Let's start by finding the time it takes for the rock to reach its highest point, which is when its velocity becomes 0 m/s. We can use the formula for vertical motion:
v = u + at
Where:
v = final velocity (0 m/s at the highest point)
u = initial velocity (28 m/s)
a = acceleration due to gravity (-9.8 m/s^2, taking negative since it opposes the upward motion)
t = time
Plugging in the values, we get:
0 = 28 + (-9.8)t
Rearranging the equation, we have:
9.8t = 28
t = 28 / 9.8
t ≈ 2.86 seconds
So, it takes approximately 2.86 seconds for the rock to reach its highest point.
Next, we can find the time it takes for the rock to fall from the top of the cliff to a height of 9 meters. We can use the formula:
s = ut + (1/2)at^2
Where:
s = displacement (36 - 9 = 27 meters, taking negative since it is downward)
u = initial velocity (0 m/s at the highest point)
a = acceleration due to gravity (9.8 m/s^2, taking positive since it is downward)
t = time
Plugging in the values, we get:
-27 = 0 + (1/2)(9.8)t^2
Rearranging the equation, we have:
4.9t^2 = 27
t^2 = 27 / 4.9
t ≈ √(5.51)
t ≈ 2.35 seconds
So, it takes approximately 2.35 seconds for the rock to fall from the top of the cliff to a height of 9 meters.

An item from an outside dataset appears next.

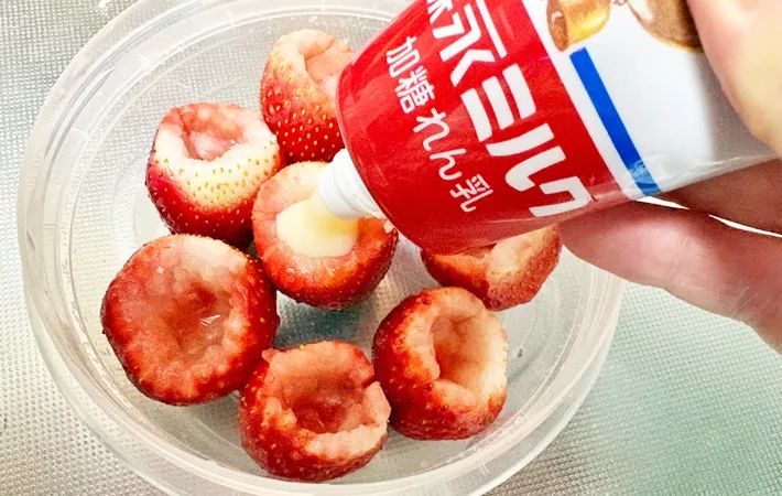 2.くり抜いたイチゴを容器に並べ、練乳を注ぎ入れる
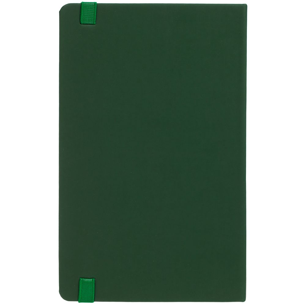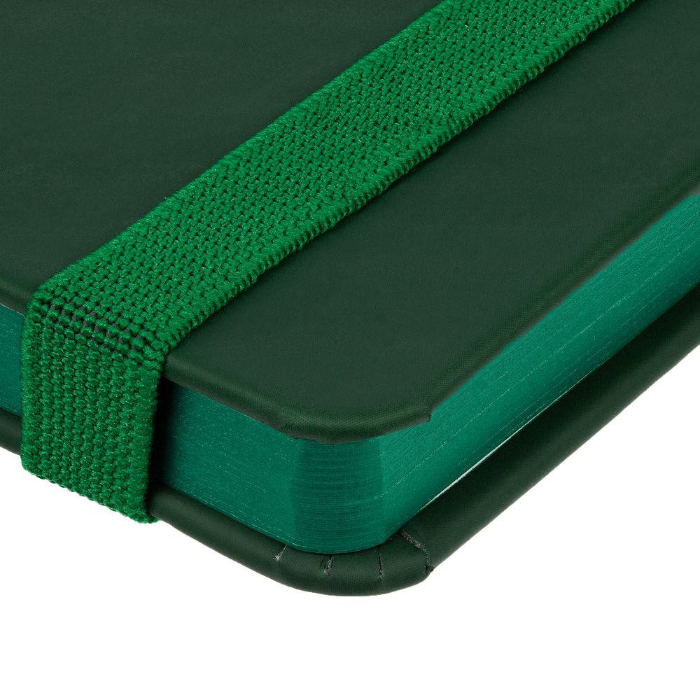 Блокнот в твердой обложке, выполнен из материала Soft Touch, зеленый FF, дополнен резинкой и ляссе в цвет обложки.

Since we are looking for the total time, we need to add the time it takes for the rock to reach its highest point and the time it takes for the rock to fall from the top of the cliff to a height of 9 meters:
Total time = 2.86 + 2.35
Total time ≈ 5.21 seconds
Therefore, the rock will be approximately 9 meters from the water below after 5.21 seconds.